Major U.S. companies are cutting thousands of jobs even as they pour billions into artificial intelligence and record-breaking mergers and acquisitions, highlighting a shift in corporate strategy.
Layoffs at Oracle and Meta are not simply cost-cutting moves; they reflect a deliberate reallocation of resources toward AI infrastructure, advanced tools, and strategic acquisitions.
Reuters reported that Oracle has begun laying off thousands globally while increasing spending on cloud and AI projects. Internal estimates suggest up to 30,000 positions could be affected worldwide as the company redirects resources from traditional enterprise software roles to AI-focused initiatives.
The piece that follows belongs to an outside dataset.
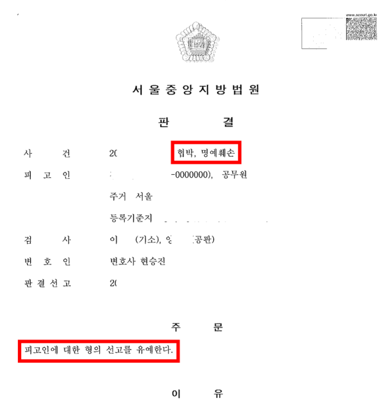 결국 고소인은 의뢰인은 협박 및 명예훼손 혐의로 고소하였고, 검사는 경위야 어찌 되었든 의뢰인이 현행법을 위반한 것은 분명하다는 이유로 의뢰인을 협박 및 사실적시명예훼손으로 약식기소 하였습니다.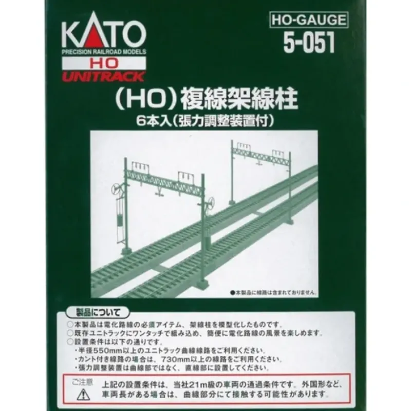 This is Kato 5-051 HO DBL WIDE CATENARY POLE. Double wide catenary poles, 6 per package.Reproduce the real pole gate shape, consisting of steel beams and concrete columns. Molded in silver for the effect of real concrete and galvanized steel beam. Double spacing (HO) unitrack track standard 60mm, suitable for quadruple track.

An Investing.com story said that Oracle expects restructuring costs of up to $2.1 billion in severance and related expenses, even as the company plans to invest tens of billions into AI infrastructure in 2026. Meanwhile, TechStrong.ai noted that these moves exemplify a broader trend of U.S. firms shifting capital from payroll toward technology and AI capabilities.
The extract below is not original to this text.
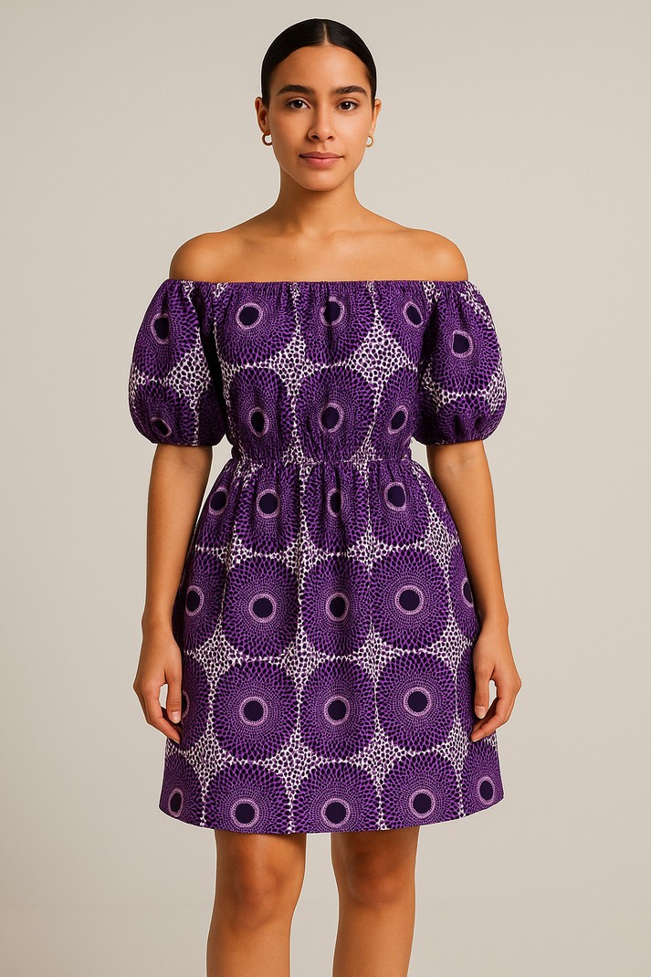Cette robe est une robe ample à épaules dénudées, confectionnée dans un tissu à motifs africains colorés. Elle présente des manches courtes évasées et une coupe fluide, ce qui lui confère un style à la fois décontractée.

The layoffs are not limited to Oracle. Business Insider reported that companies including Meta, Amazon, Citi and Dell have all cut thousands of roles this year, with many citing AI-related efficiency and restructuring as a factor.
At Meta, several hundred employees were laid off across Reality Labs, sales, recruiting and global operations, according to Reuters. The company continues to invest heavily in AI, with some teams now using AI tools to generate work, reported Times of India. Analysts say this reflects a strategy where AI augments productivity even as traditional roles are reduced.
While workforce reductions grab headlines, investment activity has surged. A report by Reuters said that global mergers and acquisitions reached $1.2 trillion in Q1 2026, a 26% increase year-on-year, with four of the six largest deals tied to AI-focused companies.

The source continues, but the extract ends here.